Greffier lors des débats : Mme Charlotte MONMOUSSEAU
ARRET :
— contradictoire ;
— prononcé par mise à disposition de l’arrêt au greffe de la cour fixée au 15 mai 2025, délibéré prorogé au 28 mai 2025 les parties en ayant été préalablement avisées dans les conditions prévues au deuxième alinéa de l’article 450 du code de procédure civile ;
— signé par M. Philippe SOUBEYRAN, Président de chambre, et par Mme Sabine MICHEL, Greffier.
FAITS ET PROCÉDURE
1- Par acte d’huissier de justice du 17 janvier 2019, la Caisse régionale de Crédit Agricole Mutuel Sud Méditerranée (ci-après la banque) a assigné la SCI du Mas Frère (ci-après la SCI) aux fins de paiement de la somme de 20 100,44 ' outre les intérêts de cette somme au taux de 13,95% l’an depuis le 7 janvier 2019 au titre du solde débiteur d’un compte courant professionnel n°20002106000 qui aurait été ouvert dans les livres de la banque le 5 septembre 2006.
2- Par jugement du 22 septembre 2020, le tribunal judiciaire de Perpignan a :
— Rejeté la fin de non-recevoir tirée du défaut de qualité et d’intérêt à défendre et l’irrégularité de fond soulevées par la SCI du Mas Frère,
— Déclaré recevable l’action engagée par la Caisse régionale de Crédit Agricole Mutuel Sud Méditerranée à l’encontre de la SCI du Mas Frère,
— Avant dire droit sur les demandes, mis en demeure le conseil de la SCI du Mas Frère de conclure sur le fond du litige,
— Réservé les demandes ainsi que les dépens,
— Renvoyé l’affaire à l’audience de mise en état dématérialisée du 19 novembre 2020 pour les conclusions du conseil de la du Mas Frère sur le fond du litige.
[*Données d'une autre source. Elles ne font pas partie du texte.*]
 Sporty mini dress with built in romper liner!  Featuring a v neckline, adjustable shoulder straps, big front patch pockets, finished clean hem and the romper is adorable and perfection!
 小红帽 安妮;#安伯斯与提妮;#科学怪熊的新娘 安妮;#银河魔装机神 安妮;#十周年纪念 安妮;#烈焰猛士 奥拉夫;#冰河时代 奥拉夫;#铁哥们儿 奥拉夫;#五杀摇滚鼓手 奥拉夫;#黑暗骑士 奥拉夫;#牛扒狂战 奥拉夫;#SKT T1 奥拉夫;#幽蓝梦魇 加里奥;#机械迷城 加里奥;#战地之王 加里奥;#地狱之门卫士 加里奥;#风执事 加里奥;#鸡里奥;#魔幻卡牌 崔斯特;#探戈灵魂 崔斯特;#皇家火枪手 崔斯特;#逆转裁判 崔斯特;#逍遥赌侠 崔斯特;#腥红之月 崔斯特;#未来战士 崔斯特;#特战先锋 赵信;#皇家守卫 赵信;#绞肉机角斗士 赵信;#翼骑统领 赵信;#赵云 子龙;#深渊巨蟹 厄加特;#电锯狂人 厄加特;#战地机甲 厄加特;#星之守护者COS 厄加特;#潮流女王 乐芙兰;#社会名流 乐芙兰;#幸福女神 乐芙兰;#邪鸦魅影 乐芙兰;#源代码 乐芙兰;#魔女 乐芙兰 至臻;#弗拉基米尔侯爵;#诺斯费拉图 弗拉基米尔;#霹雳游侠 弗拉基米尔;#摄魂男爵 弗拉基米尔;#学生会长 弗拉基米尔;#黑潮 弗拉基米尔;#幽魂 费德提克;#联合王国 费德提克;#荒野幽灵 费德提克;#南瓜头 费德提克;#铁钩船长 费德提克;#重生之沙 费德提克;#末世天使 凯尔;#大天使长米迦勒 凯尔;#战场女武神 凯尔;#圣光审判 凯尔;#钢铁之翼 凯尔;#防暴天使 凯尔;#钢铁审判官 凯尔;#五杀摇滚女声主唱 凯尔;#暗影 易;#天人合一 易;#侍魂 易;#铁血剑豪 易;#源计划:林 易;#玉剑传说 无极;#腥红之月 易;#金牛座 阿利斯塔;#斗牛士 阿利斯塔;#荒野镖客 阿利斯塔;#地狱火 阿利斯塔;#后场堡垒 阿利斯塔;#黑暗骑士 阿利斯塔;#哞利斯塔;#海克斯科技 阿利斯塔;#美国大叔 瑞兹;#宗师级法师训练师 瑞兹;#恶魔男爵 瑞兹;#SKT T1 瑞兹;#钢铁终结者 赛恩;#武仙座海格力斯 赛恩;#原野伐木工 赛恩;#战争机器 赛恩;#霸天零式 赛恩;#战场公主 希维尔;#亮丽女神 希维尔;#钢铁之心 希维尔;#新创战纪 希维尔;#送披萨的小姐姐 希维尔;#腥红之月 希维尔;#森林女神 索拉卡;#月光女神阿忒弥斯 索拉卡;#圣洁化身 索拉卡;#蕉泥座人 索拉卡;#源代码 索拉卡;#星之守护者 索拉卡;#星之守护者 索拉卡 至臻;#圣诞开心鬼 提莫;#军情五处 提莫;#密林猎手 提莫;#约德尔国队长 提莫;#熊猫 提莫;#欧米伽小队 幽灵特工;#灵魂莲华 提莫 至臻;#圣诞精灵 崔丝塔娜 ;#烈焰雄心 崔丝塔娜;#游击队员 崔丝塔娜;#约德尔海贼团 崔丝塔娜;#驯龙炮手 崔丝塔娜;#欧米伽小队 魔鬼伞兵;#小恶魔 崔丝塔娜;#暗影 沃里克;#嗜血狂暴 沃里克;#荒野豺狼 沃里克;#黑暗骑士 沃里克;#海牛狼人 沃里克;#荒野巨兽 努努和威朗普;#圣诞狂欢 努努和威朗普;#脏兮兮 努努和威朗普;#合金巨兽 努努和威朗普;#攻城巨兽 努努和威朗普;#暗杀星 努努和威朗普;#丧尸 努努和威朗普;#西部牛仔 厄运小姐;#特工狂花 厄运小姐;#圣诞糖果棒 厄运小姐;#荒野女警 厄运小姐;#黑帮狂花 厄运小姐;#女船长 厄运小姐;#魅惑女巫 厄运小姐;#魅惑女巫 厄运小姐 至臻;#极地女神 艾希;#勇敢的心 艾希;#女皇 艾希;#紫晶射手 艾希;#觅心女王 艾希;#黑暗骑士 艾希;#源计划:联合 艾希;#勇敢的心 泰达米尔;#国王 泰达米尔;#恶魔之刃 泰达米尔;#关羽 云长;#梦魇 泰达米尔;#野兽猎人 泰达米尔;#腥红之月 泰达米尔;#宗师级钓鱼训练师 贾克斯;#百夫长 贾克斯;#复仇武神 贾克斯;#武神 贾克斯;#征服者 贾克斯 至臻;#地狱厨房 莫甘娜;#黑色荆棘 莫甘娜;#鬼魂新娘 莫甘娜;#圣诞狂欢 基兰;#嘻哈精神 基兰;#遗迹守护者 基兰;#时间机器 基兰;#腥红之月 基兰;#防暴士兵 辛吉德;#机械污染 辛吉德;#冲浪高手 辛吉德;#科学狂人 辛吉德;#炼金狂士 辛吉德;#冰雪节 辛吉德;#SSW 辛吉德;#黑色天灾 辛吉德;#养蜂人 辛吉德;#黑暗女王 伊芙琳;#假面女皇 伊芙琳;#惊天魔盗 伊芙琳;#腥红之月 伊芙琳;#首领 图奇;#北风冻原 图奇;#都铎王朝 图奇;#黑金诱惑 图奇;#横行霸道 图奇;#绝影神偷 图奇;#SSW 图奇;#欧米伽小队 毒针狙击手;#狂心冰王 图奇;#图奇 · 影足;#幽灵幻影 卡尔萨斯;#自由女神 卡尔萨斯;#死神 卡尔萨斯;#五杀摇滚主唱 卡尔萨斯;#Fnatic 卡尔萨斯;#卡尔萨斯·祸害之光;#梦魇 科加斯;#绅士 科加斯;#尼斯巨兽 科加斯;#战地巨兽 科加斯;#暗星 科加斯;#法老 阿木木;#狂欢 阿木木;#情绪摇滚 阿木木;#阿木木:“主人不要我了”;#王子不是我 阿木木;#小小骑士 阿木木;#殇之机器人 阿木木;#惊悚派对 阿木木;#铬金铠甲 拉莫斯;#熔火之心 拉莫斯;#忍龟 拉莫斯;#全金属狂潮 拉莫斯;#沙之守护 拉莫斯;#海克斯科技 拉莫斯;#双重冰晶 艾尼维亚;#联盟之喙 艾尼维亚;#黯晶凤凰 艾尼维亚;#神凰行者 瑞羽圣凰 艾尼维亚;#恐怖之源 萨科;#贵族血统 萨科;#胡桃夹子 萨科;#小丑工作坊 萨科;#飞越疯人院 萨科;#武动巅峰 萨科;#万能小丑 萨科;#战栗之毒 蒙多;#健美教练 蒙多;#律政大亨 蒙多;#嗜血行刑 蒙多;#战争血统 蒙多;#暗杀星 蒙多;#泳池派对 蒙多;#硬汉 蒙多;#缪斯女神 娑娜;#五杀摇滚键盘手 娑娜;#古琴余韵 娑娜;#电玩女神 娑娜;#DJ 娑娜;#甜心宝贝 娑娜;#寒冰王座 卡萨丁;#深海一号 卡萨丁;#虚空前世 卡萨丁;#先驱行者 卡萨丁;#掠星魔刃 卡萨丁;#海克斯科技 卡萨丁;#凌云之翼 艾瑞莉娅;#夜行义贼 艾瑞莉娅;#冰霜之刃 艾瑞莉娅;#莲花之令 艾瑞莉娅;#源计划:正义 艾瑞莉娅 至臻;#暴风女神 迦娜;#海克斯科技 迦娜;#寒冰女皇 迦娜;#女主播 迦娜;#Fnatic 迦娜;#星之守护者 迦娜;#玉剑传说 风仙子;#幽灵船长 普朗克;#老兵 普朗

3- Par ordonnance du 20 juillet 2021, le conseiller de la mise en état près la Cour d’appel de Montpellier a déclaré l’appel interjeté par la SCI le 2 octobre 2020 irrecevable. Cette ordonnance est devenue définitive à défaut de déféré.
4- Egalement, par acte d’huissier de justice du 13 août 2019, la banque a signifié un commandement de payer portant sur une somme de 598 546,67 ' valant saisie immobilière à la SCI.
5- Selon jugement d’orientation du 12 mars 2021, le juge de l’exécution de Perpignan a :
— Constaté que la créancière poursuivante, titulaire d’une créance liquide et exigible, agit en vertu d’un titre exécutoire,
— Constaté que la saisie pratiquée porte sur des droits réels saisissables,
— Déclaré irrecevable la demande de nullité de la SCI du Mas Frère du privilège de deniers,
— Débouté la SCI du Mas Frère de l’intégralité de ses autres demandes,
— Mentionné que la créance dont le recouvrement est poursuivi par la Caisse régionale de Crédit Agricole Mutuel Sud Méditerranée à l’encontre de la SCI du Mas Frère, s’élève à la somme de 684 976,62 ' arrêtée au 10 juillet 2020 dont le détail est donné au décompte annexé au jugement, qui fait corps avec lui,
— Ordonné la vente forcée de l’immeuble saisi selon les modalités prévues au cahier des conditions de vente, vente fixée à l’audience du 25 juin 2021.
6- La SCI a interjeté appel de cette décision le 7 avril 2021.
7- Par arrêt du 13 janvier 2022, la Cour d’appel de Montpellier a confirmé dans toutes ses dispositions le jugement dont appel.
8- La SCI s’est pourvue en cassation contre cet arrêt.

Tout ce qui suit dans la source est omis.